Tuesday, July 24, 2012

It's a healing process

Since I marry addicts/alcoholics, I will term them #1 & #2. It seems apropos since that's exactly where both these marriages ended...in the toilet.

I was with #1 for ten years. Wow, right?!?! Two kids. It was a struggle most of the time, getting along, finding things in common. Again, we were young & both looking for someone to love us. Both of us felt unlovable, for a myriad of different reasons. I just don't think we knew it at the time. We certainly didn't express the sentiment. I'd like to think that we did love one another in our own special ways.
We met through our social network of punks/skins.
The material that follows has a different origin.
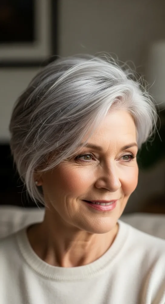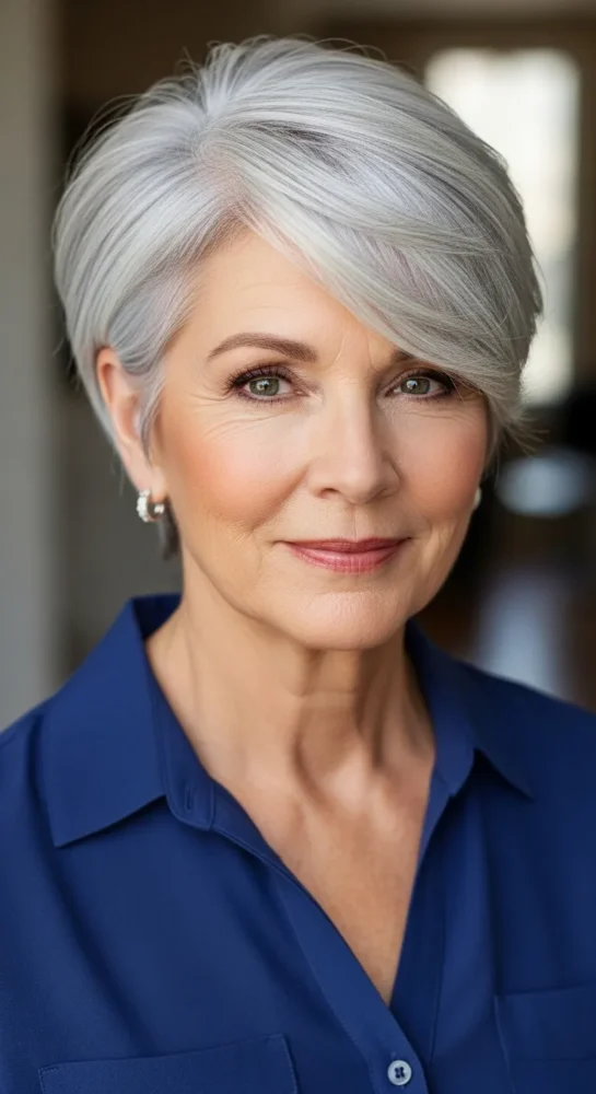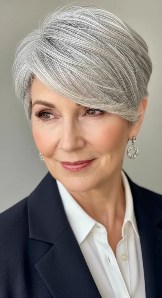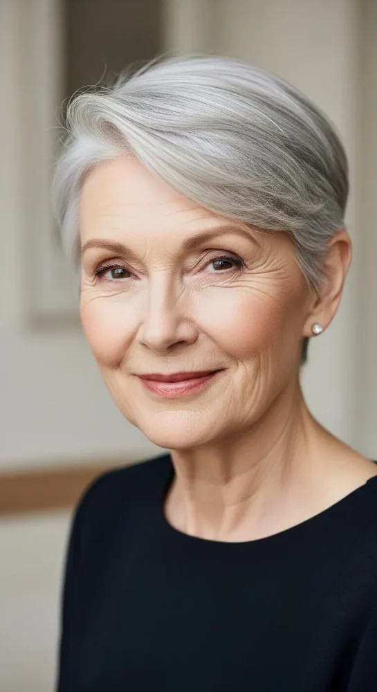 A longer fringe swept to one side instantly softens the face. This style balances sharp features and adds movement, making it one of the most flattering pixie hairstyles for older women.

We both used drugs/alcohol. We did it in different ways. He did it to escape. I did it out of boredom & I think I had a bit of a death wish as well. Not like "oh god, i want to die" on the surface, but simmering below the surface...it had always been there. It's still there now, just in a different way. Or maybe I just understand it better. I dunno.

I remember telling my good friend, when she asked me why the hell I was with #1, it was because he remembered my name. Most other guys, who am I fooling, ALL other guys, at the time, just wanted to lay me. I pretty much thought that was fine. What else was I worth, what else were THEY worth? I used to refer to men as cockroaches. Step on one & another crawls out of the woodwork. I liked the power I had over the male species. They are suckers for pussy.

Back to subject. I think I also wanted stability. I'd left my parents' home at 17. Finished HS, got into that prestigious Uni & fell in with people I could relate to. I CRAVED male attention!!!!! My father had disowned me so many times by then, I'd lost count. My mother always allowed me back home for visits, holidays mainly. I really didn't want to be there. I was an embarrassment to my father. Here's where the "daddy" issues pops in. I wanted acceptance & love...UNconditional love from my father so I married a man who was the polar opposite!!!! And I did it...TWICE!!!!!! Can you say, "WHAT THE FUCK?!?" boys & girls...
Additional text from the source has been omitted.